WORK TO BE COMPLETED – Every word of every entry must be retyped exactly.

#####

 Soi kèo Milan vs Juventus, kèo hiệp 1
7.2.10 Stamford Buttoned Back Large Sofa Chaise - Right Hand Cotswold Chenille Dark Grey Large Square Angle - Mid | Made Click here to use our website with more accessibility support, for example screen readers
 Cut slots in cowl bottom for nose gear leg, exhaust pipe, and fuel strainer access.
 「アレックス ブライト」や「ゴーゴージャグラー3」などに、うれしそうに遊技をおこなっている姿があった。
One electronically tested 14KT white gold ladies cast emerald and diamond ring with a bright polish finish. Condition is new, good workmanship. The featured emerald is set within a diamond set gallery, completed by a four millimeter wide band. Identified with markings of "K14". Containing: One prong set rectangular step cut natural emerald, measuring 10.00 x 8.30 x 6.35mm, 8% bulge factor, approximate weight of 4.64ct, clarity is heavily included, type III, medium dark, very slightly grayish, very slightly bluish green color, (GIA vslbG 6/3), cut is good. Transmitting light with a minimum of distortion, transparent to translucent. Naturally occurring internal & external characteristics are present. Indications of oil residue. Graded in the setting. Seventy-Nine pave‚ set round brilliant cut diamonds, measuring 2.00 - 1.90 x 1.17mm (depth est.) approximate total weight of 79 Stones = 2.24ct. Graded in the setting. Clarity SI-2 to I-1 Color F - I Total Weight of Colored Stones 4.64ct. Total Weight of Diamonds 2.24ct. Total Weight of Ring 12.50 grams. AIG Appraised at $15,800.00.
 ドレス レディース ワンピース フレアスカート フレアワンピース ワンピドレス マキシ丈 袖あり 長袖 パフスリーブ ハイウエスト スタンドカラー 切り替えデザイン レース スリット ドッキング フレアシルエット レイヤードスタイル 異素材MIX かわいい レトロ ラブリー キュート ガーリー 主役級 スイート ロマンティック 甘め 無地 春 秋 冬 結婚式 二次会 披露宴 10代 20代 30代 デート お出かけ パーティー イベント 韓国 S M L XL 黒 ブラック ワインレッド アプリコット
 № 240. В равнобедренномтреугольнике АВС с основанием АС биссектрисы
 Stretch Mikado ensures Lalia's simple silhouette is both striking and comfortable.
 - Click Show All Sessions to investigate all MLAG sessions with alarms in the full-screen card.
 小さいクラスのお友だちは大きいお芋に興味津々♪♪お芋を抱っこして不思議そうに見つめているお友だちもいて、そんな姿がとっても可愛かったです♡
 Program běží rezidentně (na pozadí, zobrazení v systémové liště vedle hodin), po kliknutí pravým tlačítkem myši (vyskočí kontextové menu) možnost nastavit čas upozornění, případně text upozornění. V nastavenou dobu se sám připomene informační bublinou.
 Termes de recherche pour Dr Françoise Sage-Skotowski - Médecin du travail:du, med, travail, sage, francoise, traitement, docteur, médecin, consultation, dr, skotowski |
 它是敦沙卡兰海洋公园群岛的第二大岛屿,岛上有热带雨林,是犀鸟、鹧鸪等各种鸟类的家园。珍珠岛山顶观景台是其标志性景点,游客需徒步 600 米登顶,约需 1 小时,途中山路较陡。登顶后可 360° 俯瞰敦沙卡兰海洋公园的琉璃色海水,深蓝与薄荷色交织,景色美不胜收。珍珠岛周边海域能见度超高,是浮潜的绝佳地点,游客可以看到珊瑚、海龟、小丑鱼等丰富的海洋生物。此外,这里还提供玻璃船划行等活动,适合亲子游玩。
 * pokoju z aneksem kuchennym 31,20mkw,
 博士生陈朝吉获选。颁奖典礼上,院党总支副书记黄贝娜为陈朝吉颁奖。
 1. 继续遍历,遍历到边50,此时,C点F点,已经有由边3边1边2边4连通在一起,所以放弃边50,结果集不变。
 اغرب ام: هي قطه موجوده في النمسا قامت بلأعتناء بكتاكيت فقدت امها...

#####

OUTPUT BELOW –
 Soi kèo Milan vs Juventus, kèo hiệp 1
7.2.10 Stamford Buttoned Back Large Sofa Chaise - Right Hand Cotswold Chenille Dark Grey Large Square Angle - Mid | Made Click here to use our website with more accessibility support, for example screen readers
 Cut slots in cowl bottom for nose gear leg, exhaust pipe, and fuel strainer access.
 「アレックス ブライト」や「ゴーゴージャグラー3」などに、うれしそうに遊技をおこなっている姿があった。
One electronically tested 14KT white gold ladies cast emerald and diamond ring with a bright polish finish. Condition is new, good workmanship. The featured emerald is set within a diamond set gallery, completed by a four millimeter wide band. Identified with markings of "K14". Containing: One prong set rectangular step cut natural emerald, measuring 10.00 x 8.30 x 6.35mm, 8% bulge factor, approximate weight of 4.64ct, clarity is heavily included, type III, medium dark, very slightly grayish, very slightly bluish green color, (GIA vslbG 6/3), cut is good. Transmitting light with a minimum of distortion, transparent to translucent. Naturally occurring internal & external characteristics are present. Indications of oil residue. Graded in the setting. Seventy-Nine pave‚ set round brilliant cut diamonds, measuring 2.00 - 1.90 x 1.17mm (depth est.) approximate total weight of 79 Stones = 2.24ct. Graded in the setting. Clarity SI-2 to I-1 Color F - I Total Weight of Colored Stones 4.64ct. Total Weight of Diamonds 2.24ct. Total Weight of Ring 12.50 grams. AIG Appraised at $15,800.00.
 ドレス レディース ワンピース フレアスカート フレアワンピース ワンピドレス マキシ丈 袖あり 長袖 パフスリーブ ハイウエスト スタンドカラー 切り替えデザイン レース スリット ドッキング フレアシルエット レイヤードスタイル 異素材MIX かわいい レトロ ラブリー キュート ガーリー 主役級 スイート ロマンティック 甘め 無地 春 秋 冬 結婚式 二次会 披露宴 10代 20代 30代 デート お出かけ パーティー イベント 韓国 S M L XL 黒 ブラック ワインレッド アプリコット
 № 240. В равнобедренномтреугольнике АВС с основанием АС биссектрисы
 Stretch Mikado ensures Lalia's simple silhouette is both striking and comfortable.
 - Click Show All Sessions to investigate all MLAG sessions with alarms in the full-screen card.
 小さいクラスのお友だちは大きいお芋に興味津々♪♪お芋を抱っこして不思議そうに見つめているお友だちもいて、そんな姿がとっても可愛かったです♡
 Program běží rezidentně (na pozadí, zobrazení v systémové liště vedle hodin), po kliknutí pravým tlačítkem myši (vyskočí kontextové menu) možnost nastavit čas upozornění, případně text upozornění. V nastavenou dobu se sám připomene informační bublinou.
 Termes de recherche pour Dr Françoise Sage-Skotowski - Médecin du travail:du, med, travail, sage, francoise, traitement, docteur, médecin, consultation, dr, skotowski |
 它是敦沙卡兰海洋公园群岛的第二大岛屿,岛上有热带雨林,是犀鸟、鹧鸪等各种鸟类的家园。珍珠岛山顶观景台是其标志性景点,游客需徒步 600 米登顶,约需 1 小时,途中山路较陡。登顶后可 360° 俯瞰敦沙卡兰海洋公园的琉璃色海水,深蓝与薄荷色交织,景色美不胜收。珍珠岛周边海域能见度超高,是浮潜的绝佳地点,游客可以看到珊瑚、海龟、小丑鱼等丰富的海洋生物。此外,这里还提供玻璃船划行等活动,适合亲子游玩。
 * pokoju z aneksem kuchennym 31,20mkw,
 博士生陈朝吉获选。颁奖典礼上,院党总支副书记黄贝娜为陈朝吉颁奖。
 1. 继续遍历,遍历到边50,此时,C点F点,已经有由边3边1边2边4连通在一起,所以放弃边50,结果集不变。
 اغرب ام: هي قطه موجوده في النمسا قامت بلأعتناء بكتاكيت فقدت امها...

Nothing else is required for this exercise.